Regional IT users lack awareness of security threats, delegates at an e-security forum were warned this month

Regional IT users lack awareness of security threats, delegates at an e-security forum were warned this month.

“There is a significant lack of awareness among users, whether they are general public or even enterprises,” said Rashed Al Alabbar, product manager of security at Etisalat, speaking at Etisalat’s eSecurity forum, held in Abu Dhabi earlier month.

Users have an astonishing lack of awareness about how to secure themselves and how to protect themselves online, whether using online services or normal e-mails or visiting websites, Al Alabbar warned.

“There are a lot of threats around these normal day-to-day usages and they are now constantly being exploited by hackers and attackers.
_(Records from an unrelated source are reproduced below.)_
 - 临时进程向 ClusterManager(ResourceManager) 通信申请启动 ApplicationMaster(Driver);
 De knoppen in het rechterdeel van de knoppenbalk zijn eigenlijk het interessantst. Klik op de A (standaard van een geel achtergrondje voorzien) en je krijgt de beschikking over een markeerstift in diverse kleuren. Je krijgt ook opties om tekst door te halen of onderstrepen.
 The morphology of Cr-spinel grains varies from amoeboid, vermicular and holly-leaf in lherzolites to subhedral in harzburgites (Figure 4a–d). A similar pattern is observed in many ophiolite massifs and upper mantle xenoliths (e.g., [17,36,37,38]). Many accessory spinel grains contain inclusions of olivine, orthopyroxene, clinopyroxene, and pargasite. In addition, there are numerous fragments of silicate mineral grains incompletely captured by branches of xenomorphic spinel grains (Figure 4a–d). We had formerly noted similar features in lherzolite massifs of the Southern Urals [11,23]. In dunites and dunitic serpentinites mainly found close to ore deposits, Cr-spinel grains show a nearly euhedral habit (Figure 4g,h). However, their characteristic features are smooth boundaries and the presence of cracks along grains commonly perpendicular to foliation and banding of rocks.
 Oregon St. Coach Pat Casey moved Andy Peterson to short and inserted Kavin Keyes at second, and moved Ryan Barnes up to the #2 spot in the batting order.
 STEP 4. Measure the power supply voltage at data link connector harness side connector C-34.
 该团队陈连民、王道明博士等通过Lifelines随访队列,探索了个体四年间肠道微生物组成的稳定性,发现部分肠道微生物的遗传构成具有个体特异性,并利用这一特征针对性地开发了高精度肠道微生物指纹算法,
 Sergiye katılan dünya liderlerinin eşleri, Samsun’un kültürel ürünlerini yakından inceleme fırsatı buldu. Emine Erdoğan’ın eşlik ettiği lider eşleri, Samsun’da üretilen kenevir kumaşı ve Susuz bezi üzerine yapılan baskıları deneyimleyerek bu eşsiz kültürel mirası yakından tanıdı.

If we can compare our region to Europe or the US, I would assume that probably awareness is even less here and the efforts being made to raise awareness are far less than the others,” he said.
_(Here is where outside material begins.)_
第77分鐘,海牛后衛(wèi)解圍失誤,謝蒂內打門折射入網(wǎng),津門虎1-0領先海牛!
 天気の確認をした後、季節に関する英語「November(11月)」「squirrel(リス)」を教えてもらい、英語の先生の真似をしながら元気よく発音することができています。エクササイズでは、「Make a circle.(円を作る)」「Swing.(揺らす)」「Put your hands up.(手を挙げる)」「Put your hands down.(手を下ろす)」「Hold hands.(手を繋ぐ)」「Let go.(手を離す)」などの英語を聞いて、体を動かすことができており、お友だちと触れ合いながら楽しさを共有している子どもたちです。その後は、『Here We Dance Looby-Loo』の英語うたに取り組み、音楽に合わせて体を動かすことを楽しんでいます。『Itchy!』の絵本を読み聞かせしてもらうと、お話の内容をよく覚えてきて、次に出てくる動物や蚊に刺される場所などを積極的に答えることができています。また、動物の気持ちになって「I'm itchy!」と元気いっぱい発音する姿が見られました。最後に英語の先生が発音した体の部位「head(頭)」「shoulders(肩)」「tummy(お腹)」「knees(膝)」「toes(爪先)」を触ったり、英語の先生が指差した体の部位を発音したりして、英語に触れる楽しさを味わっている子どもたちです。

Another issue, Al Alabbar said, is who is responsibile for security. “Is it on the consumer, is it on the end user or does it lie on the service provider whether that is a communication service provider like Etisalat or a financial service provider like banks?” he asked.

Al Alabbar said that with, for example, banking, there is a question mark over who should take responsibility for a system being hacked, whether the responsibility lies with the customer for being ignorant of threats or with the bank for not having educated the customer properly.

Banks and financial institutions are the companies most at risk in the region, Al Alabbar said, although there is an increase in attacks targeted at the general public which is generally seen as less aware and an easier target.

Phishing attacks, ID theft and denial-of-service attacks were identified as the main threats in the region, Al Alabbar added.

One of the main recommendations to come out of the forum was a call for greater regulation in the Middle East.

In comparison to the US and Europe, there is a distinct lack of regulation governing both the need for organisations to abide by standards regarding information security and to ensure the public is aware of privacy issues, Al Alabbar said.

“If we start off, we should start off with a consolidated regulation, one regulation that covers various aspects of the needs of different sectors,” he suggested at the event.